I'm working with an $n$-dimensional spherical t-distribution for which the density is defined as
$f(x) = \frac{\Gamma(\frac{n+\nu}{2})}{(\pi \sigma^2\nu)^{\frac n2}\Gamma(\frac \nu2)} \left( 1 + \frac{\|x|\|^2}{\nu \sigma^2} \right)^{- \frac{\nu+n}{2}},$
with $\sigma > 0$ a scale parameter and $\nu \geq 1$ the degrees of freedom.
I know that when we represent $X$ like $RU$ with $U$ the uniform distribution on the unit sphere of dimension $n$ and $R$ a 1-dimensional positive random variable independent of $U$, then $R^2/n \sim F(n, \nu)$.

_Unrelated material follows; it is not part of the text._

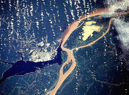 亚马逊河浩浩荡荡,千回百转,蜿蜒流经秘鲁、巴西、玻利维亚、厄瓜多尔、哥伦比亚和委内瑞拉等国,滋润着800万平方公里的广袤土地,孕育了世界最大的热带雨林,使亚马逊河流域成为世界上公认的最神秘的“生命王国”。亚马逊河还有一个世界自然奇观——涌潮,它可以和我国的钱塘江大潮相媲美。
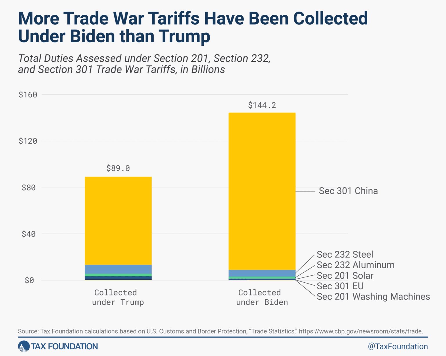 Trump και Biden υιοθέτησαν έτσι πολιτικές υπέρ των δασμών που προστάτευαν τα κέρδη πολλών εταιρειών - και όχι τα εισοδήμαα των εργαζομένων.

I'm interested in the distribution of $X$ when projected onto a 1-dimensional subspace. Because of symmetry I can simply take the first component to project onto. Integrating over the other dimensions the density function should be obtained. I'm stuck however with the integral
$g(x_1) = \int_{-\infty}^\infty \dots \int_{-\infty}^\infty \left( 1 + \frac{x_1^2 + \dots + x_n^2}{\nu \sigma^2} \right)^{- \frac{\nu+n}{2}} dx_2 \dots dx_n.$
Any ideas about how to obtain the distribution of the projected variable?